I DON'T even want to ask if he's had sex. Although I don't think he has, but I'm afraid to ask just in case the answer is yes, because I'm not sure I'm ready for that. He's a pretty good kid, and doesn't usually do things to "shock" me.
So many things, and I am probably not the best one to articulate on this, but I will try.
This is not about you. This is not your fault. You did not "do" this.
This is about your son. If he knows the words and uses them correctly when reffering to himself, then it is very likely he understands what he is saying to you.
You're afraid to talk about sex with your son? You can not afford to hide from this issue. You need to make shure that he is safe (safer). You owe it to him, and you owe this to yourself.
I think it would be reasurring to him for you to thank him for being open and honest, as sharing this kind of thing with a parent is not easy, even at 27.
Who knows, maybe this is just a phase.
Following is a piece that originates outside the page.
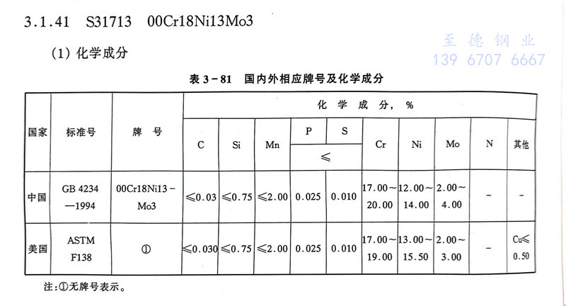 S31713 00Cr18Ni13Mo3 不銹(xiu)鋼主要特性(xing)和(he)用(yong)途
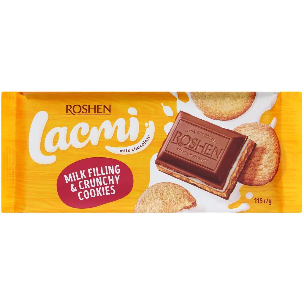 Шоколад молочный Roshen Lacmi с молочной начинкой и печеньем обрадует своим вкусом и не оставит равнодушным никого.

But as he matures and he becomes the man he will be, he may go more towards either end of the spectrum.
I do not mean to sound preachy or judgemental at all. I went (am still going?) throught this mostly on my own. The coming out process for me was somewhat adversarial, but has settled down now. I think you have a valuable opportunity to work with your son, and help him be a well adjusted, happy human being.
I wish you the best. If you want, I am open to PMing or speaking with you.